> [DIRECTIONS FOR THIS TASK]:
Copy exactly the lines that run from the top of the listing to the line containing "Tent. The kitchenette", both ends included, and omit the pictures.

===== THE DATA

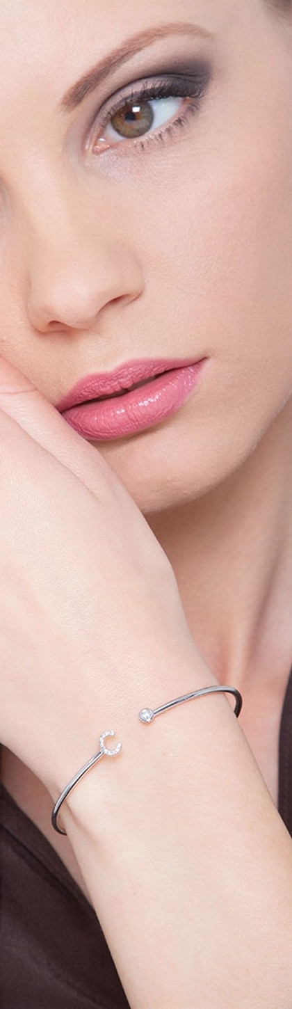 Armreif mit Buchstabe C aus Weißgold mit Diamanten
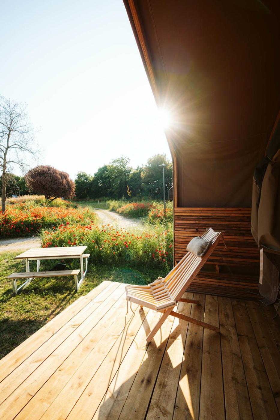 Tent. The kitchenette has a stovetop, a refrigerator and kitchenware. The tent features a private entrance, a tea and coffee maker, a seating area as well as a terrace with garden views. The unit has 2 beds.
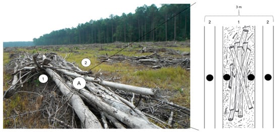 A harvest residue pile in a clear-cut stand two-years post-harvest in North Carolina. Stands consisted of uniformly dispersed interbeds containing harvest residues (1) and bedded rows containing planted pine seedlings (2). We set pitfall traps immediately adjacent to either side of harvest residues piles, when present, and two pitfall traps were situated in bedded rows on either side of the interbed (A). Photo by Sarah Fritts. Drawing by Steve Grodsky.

==========

> [EXERCISE RESPONSE]:
 Armreif mit Buchstabe C aus Weißgold mit Diamanten
 Tent. The kitchenette has a stovetop, a refrigerator and kitchenware. The tent features a private entrance, a tea and coffee maker, a seating area as well as a terrace with garden views. The unit has 2 beds.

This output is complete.